[…] The performance also took an unexpected course. Kuncius dressed in the sailor hat of a holiday-maker with a caption: m/s Ustka, Kapitan, delivered a speech, mumbling in a very elegant manner, while Malgorzata Kazmierczak read dispassionately the translation of his mumble into English:
1. If I were the image of Julio Iglesias, I would call on Andy Warhol in New York. The old man would be happy to see me and would invite me to go with him to the unpredictable Central Park. We would walk, loaf around, be afraid, hide in the bushes, and then he would say to me: UNFATHOMABLE PEDRO, I LIKE YOU …
2. If I were a poor orphan, I would visit Gilbert & George, thriving in London, they wouldn’t invite me anywhere, but they would promise to adopt me. I would thank them and say: HEY, GUYS, I’M OLD ENOUGH TO BE YOUR FATHER
3. If I were as slippery as a snake and incorrigibly nosy, I would slip backstage at the Paris Opera Garnier, where supple and lithe Rudolf Nuriev awaits to go on stage. He would look at me intently and say: WAIT FOR ME IN THE TOILET OF THE NEAREST McDONALD’S
4. If I were a conservative pope, I would drop into a chapel in the prosperous Vatican City to see how the restless Michael Angelo is doing under my patronage. I would distract him from his work, force him to descend to earth and say to him: MY DEAR, ISN’T IT TIME FOR YOU TO TAKE A BREAK AND RELAX…
5. If I were an experienced surrealist, I would talk to the young Salvador Dali in sunny Barcelona. When parting, he would say: ANDRE BRETON, ANDRE MASSON, LUI ARAGON, MAX ERNTS, ROGER VITRAC, ANTONIN ARTAUD, ETC. ARE DRAINED MARSHES WHEN I COMPARE THEM WITH MY INFINITE OCEAN…
6. If I were a courageous symbolist, I would knock at the door of “L’hotel d’Alsace”, Paris, in 1900. If nobody answered, I would break the door down. And later Oscar Wilde would say to me: YOU GAVE ME A BIT OF WARMTH BEFORE MY DEATH…
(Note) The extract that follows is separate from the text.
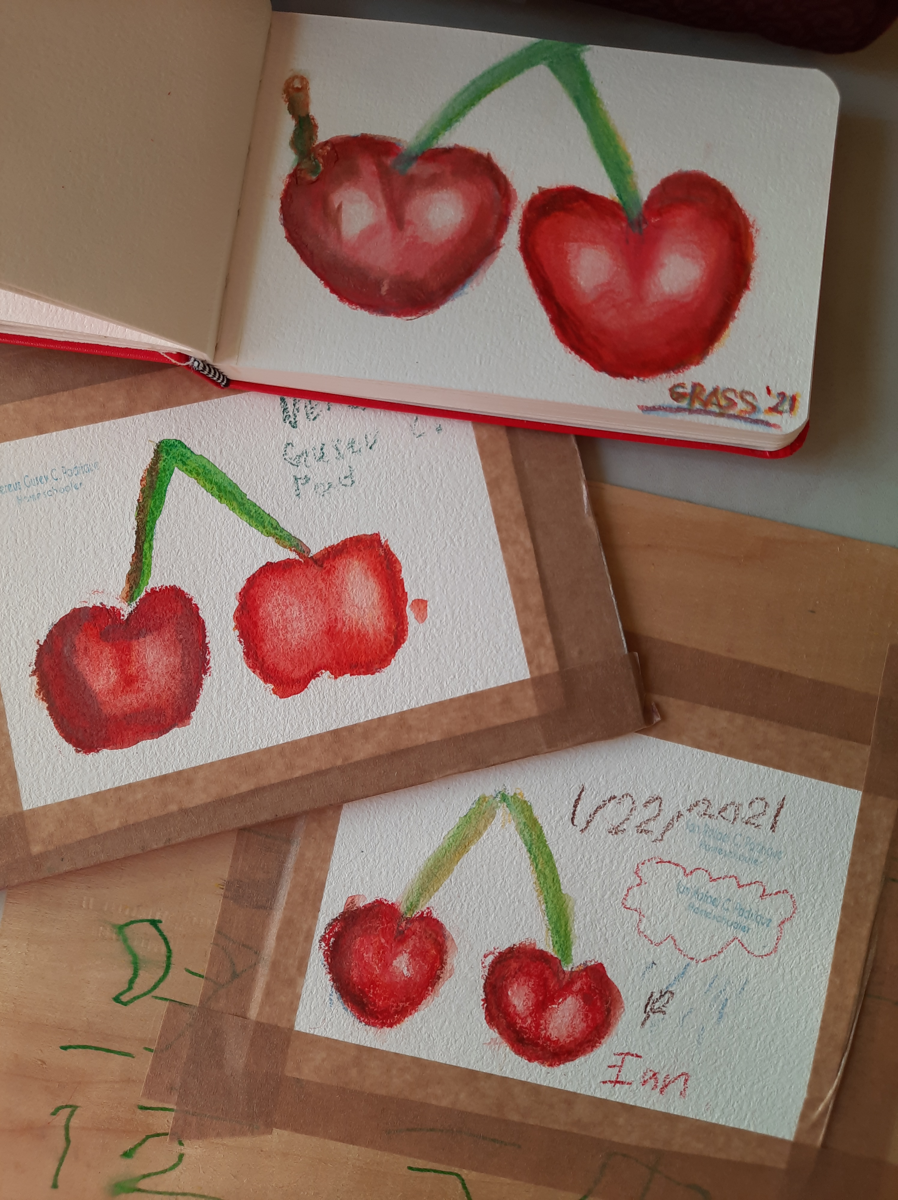 In this post, I’m going to share my favorite YouTube channels, app for workshops, and art materials that non-artist parents can explore in order art with their kids. But first, I want everyone to knows that art should be done in a space of “non-judgement” and “limitless imagination”. When my kids paint, I make sure they don’t compare each other’s work. This way, they are not limited by the instructions on tutorials and can add their own flare or signature/favorite color. Take this latest art my kids and I did recently for example. My youngest son added a cloud and rain drops beside his cherries which does not make sense to me but it was okay. He often adds flare to his artwork by drawing stick man with thought bubble to boot. It’s his way of signing his art pieces and I am totally okay with it!

7. If I were an impenitent humanist, I would save Ernst Röm’s life. Then, wishing to thank me, he would say: I APPOINT YOU THE CURATOR OF “ENTARTETE KUNST…” – “IMMER BEREIT !!!” – I WOULD SWEAR, AND AFTER SOME TIME I WOULD PROSPER MONUMENTALLY
In the end, the artist stammered something briefly and added: Merci.
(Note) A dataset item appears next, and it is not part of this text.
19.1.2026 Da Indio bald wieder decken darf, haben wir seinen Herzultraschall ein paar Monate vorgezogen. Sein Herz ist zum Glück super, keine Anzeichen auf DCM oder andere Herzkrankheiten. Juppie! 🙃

At his final performance at the Cabaret Voltaire on June 23, 1916, that is 82 years and 2 days before Hercus Kuncius, Hugo Ball had recited his legendary sound poems that happened to be typical for the Dada anti-art, anti-logic stance. It was the rejection of traditional European values exacerbated, by the brutality of the World War I. Ball’s rejection of intelligible content in his sound poems was not simply meant as an absurd slap in the face of convention, but was conceived as a transcendental declamation. The poems were part of the Dada search for new forms and meaning in art that could purify culture. The necessity of purifying culture is still a living issue.